Słownik AI
Kompletny słownik sztucznej inteligencji
Pre-pruning
Pruning technique that stops the growth of the decision tree before it reaches its maximum size by applying predefined stopping criteria.
Post-pruning
Pruning method that consists of first building a complete tree and then reducing its complexity by eliminating non-essential branches.
Cost complexity pruning
Pruning technique that minimizes a cost function combining classification error and tree complexity through an alpha parameter.
Reduced error pruning
Pruning method that removes nodes if it does not increase the classification error on a separate validation set.

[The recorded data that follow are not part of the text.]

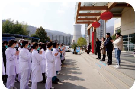
3月7日下午，医院开展了主题为“尊女性 增团结 促和谐”的庆“三·八”活动。
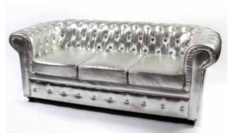
Canapé 3 places Chesterfield Argent 140€
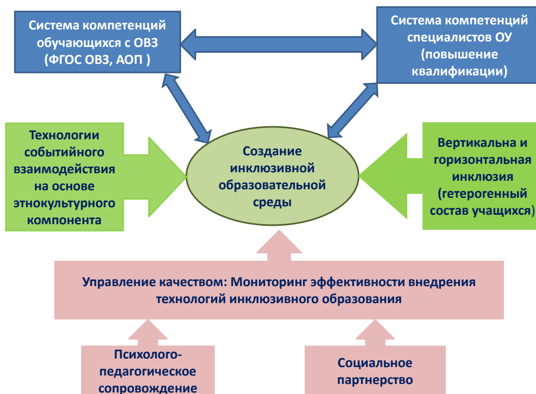
Рис. 1. Модель инклюзивного образования «В мире без границ» в ГБОУ СОШ №232 Адмиралтейского района Санкт-Петербурга
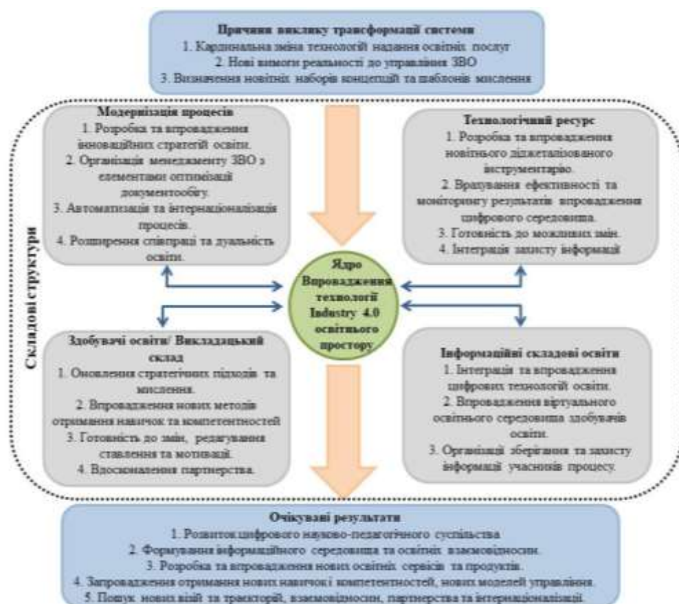
Рисунок 1 - Структурна схема трансформації системи управління ЗВО з урахуванням впровадження Industry 4.0

У другому розділі «Правові засади публічного адміністрування у сфері освіти» кваліфікаційної роботи досліджено актуальне законодавче регулювання сучасної вищої освіти та питання кластеризації, як інструменту публічного управління освітою. За результатами проведеного аналізу була сформована структурна схема трансформації системи управління ЗВО з урахуванням впровадження Industry 4.0 приведена на рис. 1.
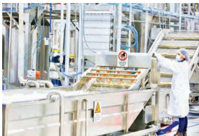
La planta de transformación de papa en La Paz.

Entre los principales productos que se procesarán en la planta destacan 3.094 toneladas de papa prefrita congelada, 1.027 toneladas de puré de papa, 478 toneladas de hojuelas de papa y 312 toneladas de almidón de
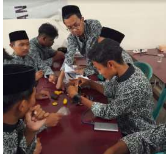
Gambar 2 Proses Literasi STEM pada tahun kedua

Tahap kedua dilaksanakan hari Jum'at, 1 Juli 2022 dengan menggunakan Zoom Meeting. Materi yang disampaikan adalah pengenalan pemrograman menggunakan software MakeBlock, para santri mencoba memprogram menggunakan laptop dan smartphone . Kegiatan selanjutnya pada tahun kedua ini dilaksanakan pada 15 September 2022 berlangsung. Materi yang disampaikan adalah perakitan beberapa jenis modul robot seperti robot line follower , robot laba-laba, dan robot lengan dengan mikrokontroler dan joystick .

Minimum description length
Pruning principle based on information theory that favors models offering the best compromise between simplicity and predictive power.
Pessimistic error pruning
Technique that estimates future error by adding a statistical penalty to the observed error to avoid overfitting.
Error-based pruning
Family of pruning algorithms that use different error measures to decide which branches to remove.
Minimum error pruning
Algorithm that recursively removes nodes whose removal minimizes the expected error on test data.
Bottom-up pruning
Pruning approach that starts from the tree leaves and progresses towards the root by evaluating each node for potential removal.
Top-down pruning
Pruning method that evaluates nodes from the root to the leaves, removing entire subtrees when deemed necessary.
Alpha parameter
Regularization parameter in cost complexity pruning that controls the trade-off between tree size and classification error.
Pruning path
Sequence of decreasing complexity trees generated during the pruning process, each tree being a subtree of the previous one.
Weakest link pruning
Variant of cost complexity pruning that identifies and iteratively eliminates branches with the weakest impact on overall performance.
Cross-validation pruning
Technique that uses cross-validation to determine the optimal pruning level and avoid overfitting.
Critical value pruning
Method that removes branches whose test statistic falls below a predetermined critical threshold.
Cost-sensitive pruning
Pruning approach that takes into account the different costs associated with classification errors to optimize the tree structure.
Optimal pruning
Process that guarantees finding the optimal subtree according to a given criterion, often implemented by algorithms like CART.